Non entrerò nel merito del perché. Non sta certo a me stabilire l’entità degli abusi e se erano così gravi, al punto tale da richiedere la totale – e mi auguro temporanea – chiusura delle attività. Sta di fatto che questo è un altro tassello che va ad aggiungersi alla già pessima gestione del territorio, che sta subendo un degrado senza precedenti. Sono sotto gli occhi di tutti potature e abbattimenti avvenuti recentemente dei pini malati della Pineta di Castefusano, forse il più importante “polmone verde” della Capitale. Perché non curarli prima – pur se ben consapevoli del problema e delle possibili conseguenze – e aspettare che si ammalassero definitivamente, con il rischio che crollassero? Conseguenza inevitabile l’abbattimento di centinaia di piante che hanno impiegato decenni per crescere.
Stesso discorso vale per la gestione degli spazi verdi pubblici, le strade di Ostia, alcune fontane storiche lasciate in stato di abbandono; la ventilata vendita dello storico trampolino del Kursaal, progettato negli anni ’50 dall’architetto Attilio Lapadula e realizzato dall’ingegner Pierluigi Nervi, simbolo per eccellenza del mare di Roma.

Mi piange il cuore ad assistere a tutto ciò.
Eppure Ostia fino verso la fine degli anni ’80 non erano tenuta in questo stato. Sarebbe sufficiente ammirare dello storiche cartoline della cittadina, per rendersi conto delle differenze. Il verde curato e le fioriere del Pontile, biglietto d’ingresso della città: così come egli altri spazi di verde. I cancelli di Castelporziano, una delle spiagge più grandi d’Europa e, ahimè, tra le più appetibili su cui molti gruppi stranieri da sempre vorrebbero mettere le mani. A cavallo degli anni ’70 e ’80 quegli ampi arenili erano considerati come un gioiello sulla via litoranea. Scelti persino come location per molti film italiani e stranieri e, non da ultimo per un videoclip del famoso gruppo rock U2.

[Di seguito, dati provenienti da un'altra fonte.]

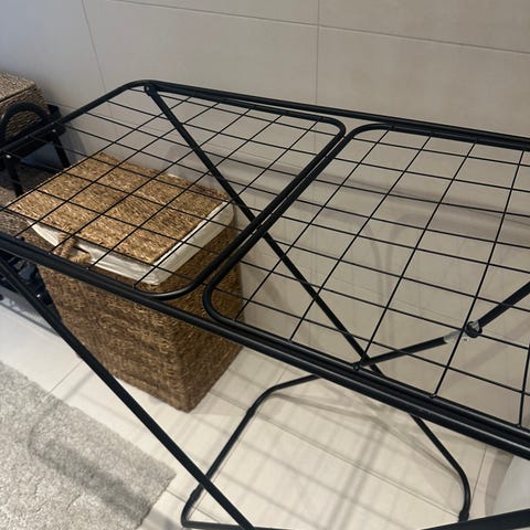 Clothes Rail klesstativ i metall. Stativet har en bredde på ca. 90 cm, dybde på ca. 45 cm og høyde på ca. 175 cm. Utførelse i svart metall med en horisontal stang for oppheng av klær på kleshengere. Egnet til oppbevaring av klær i garderobe, soverom eller entré.
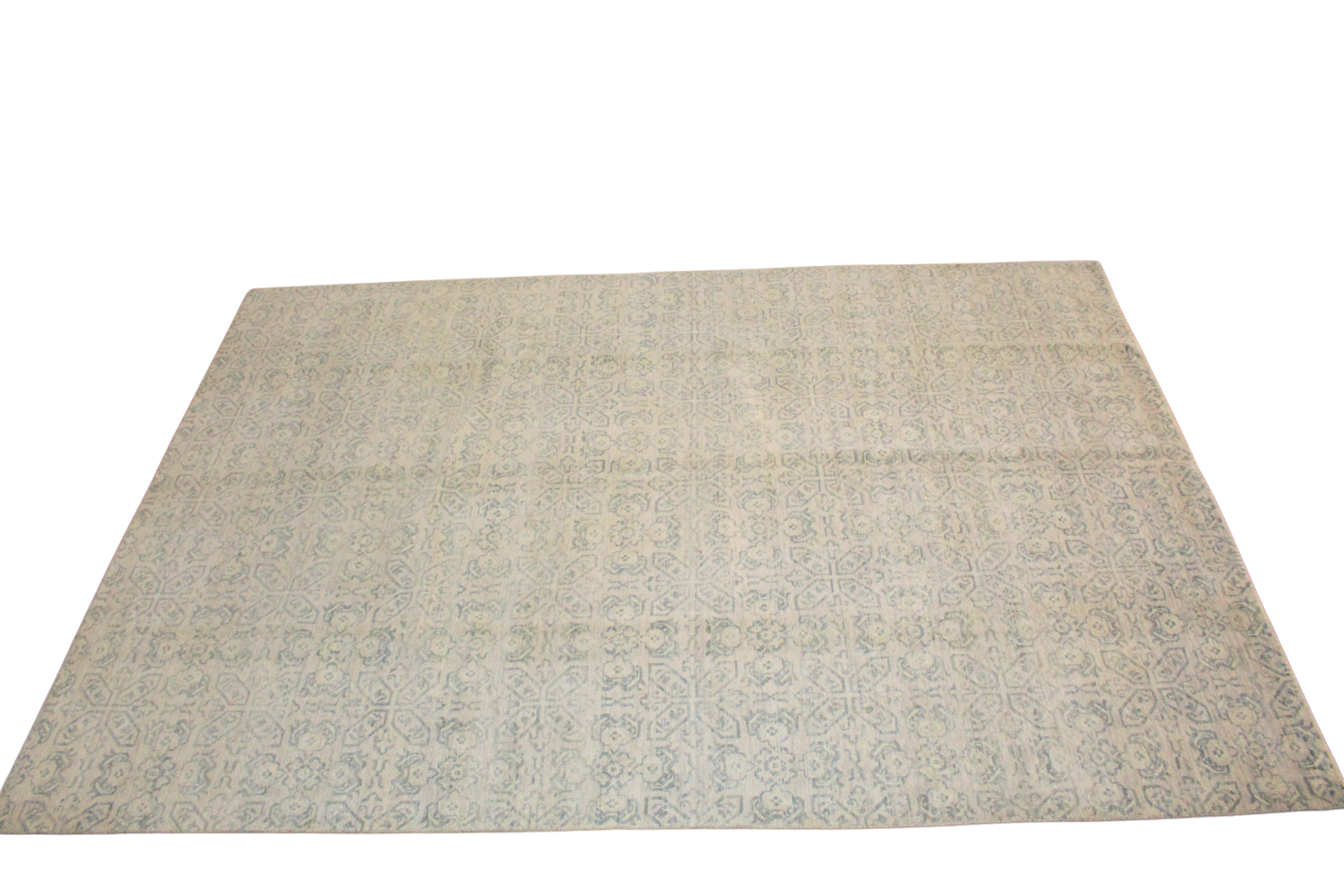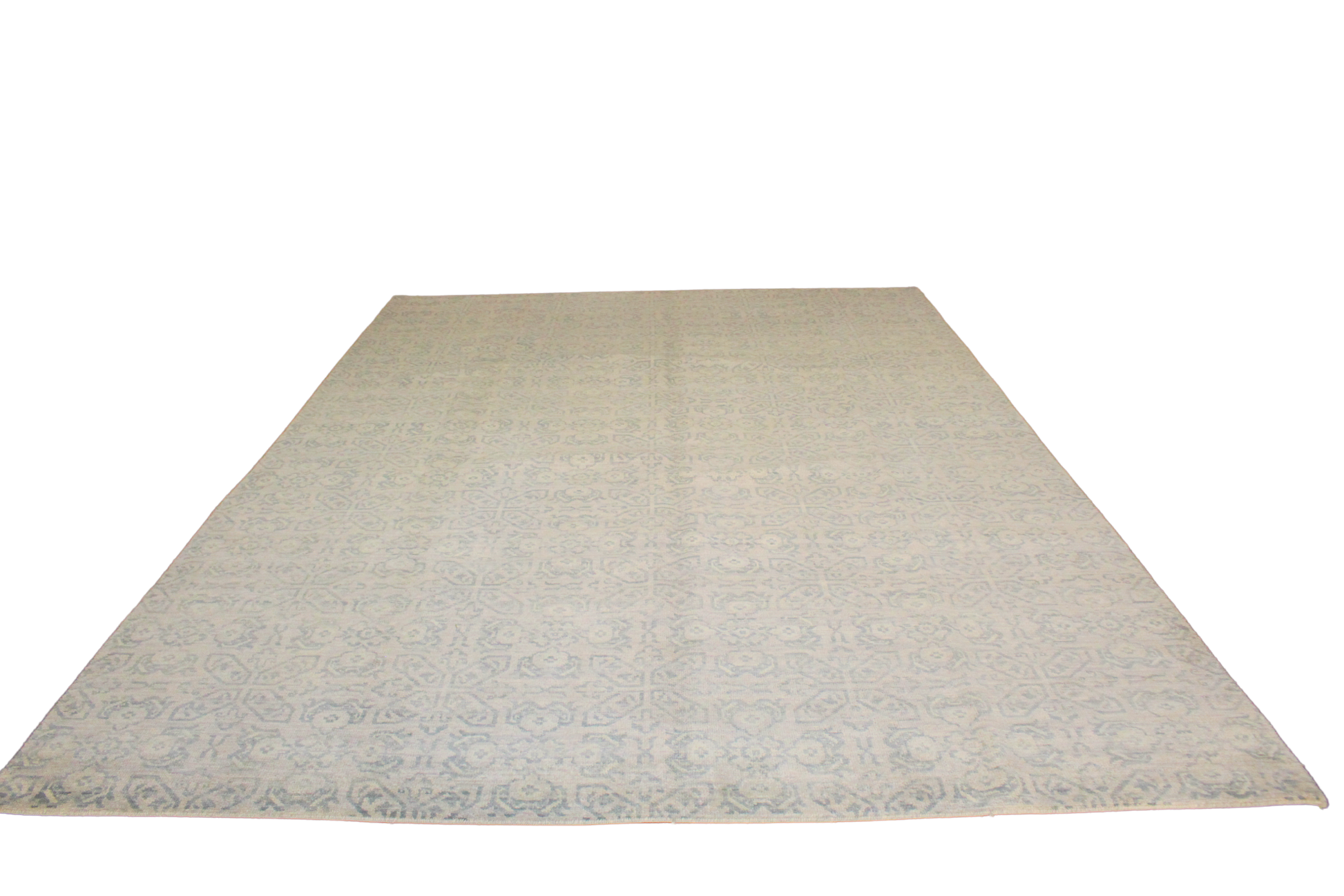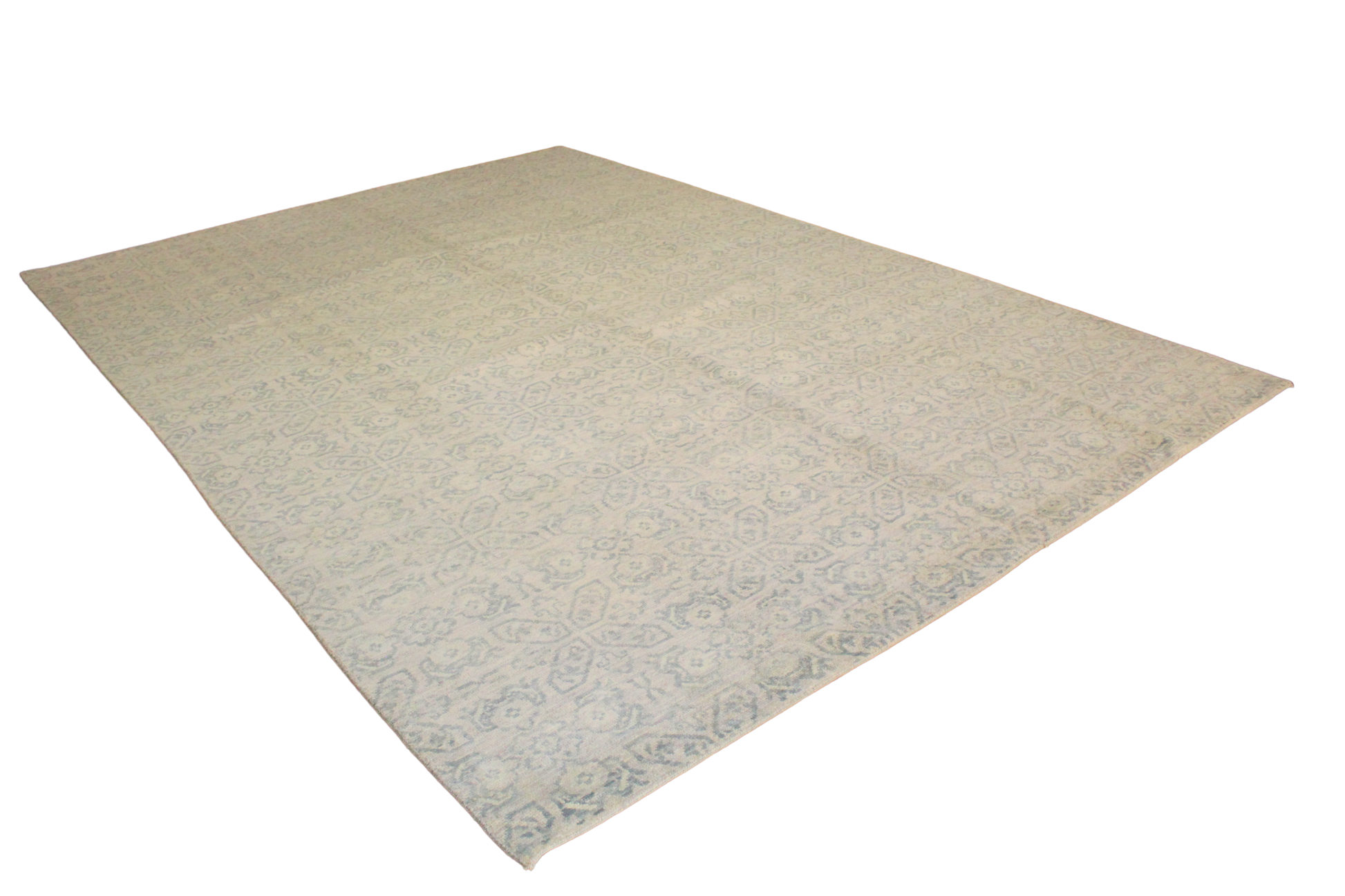 Hand-knotted in wool, this rug offers both fine texture and visual calm, ideal for softening a large formal room or bringing grace to open contemporary layouts. Its cool-toned hues work especially well with neutral furnishings, light wood accents, or crisp white walls.

Peraltro, anche lì il verde era ben gestito da un apposito servizio del Comune, presente sul posto con delle postazioni fisse.
La lista sarebbe lunga, lunghissima di esempi come questi.

Però preferisco fermarmi qui. Per questo mi auguro che le autorità, le stesse che stanno permettendo tutto questo, facciano un passo indietro e riflettano bene, prima di agire in modo così drastico e razionale. Perché anche loro, immagino, avranno dei figli che desiderano andare al mare, oppure giocare a pallone in uno spazio verde pubblico; avere le stesse esigenze dei loro simili, ovvero mandare i propri figlioli nel centro estivo in riva al mare, durante la pausa di vacanze scolastiche. Magari non ad Ostia. Ma il principio non cambia.
Per questo, ripeto, occorre svestirsi.
Scrollarsi di dosso quelle “divise” che si indossano quotidianamente, quando ci si reca al lavoro per cercare di tornare ad una dimensione decisamente più umana. Perché in fondo abbiamo bisogno anche di questo. Della chiacchierata e del caffè da gustare, insieme con un buon amico, nel patio del bar “incastonato” nello stabilimento balneare; della nuotata tra due vecchi amici a chi arriva prima alla boa.  Ripeto  (repetita iuvant)  di questo hanno bisogno i cittadini.

Che siano di Ostia – cittadina alle prese forse con uno dei momenti più neri dalla sua nascita – o di qualsiasi altra località italiana.  E non dell’arroganza dei sigilli apposti dal magistrato di turno.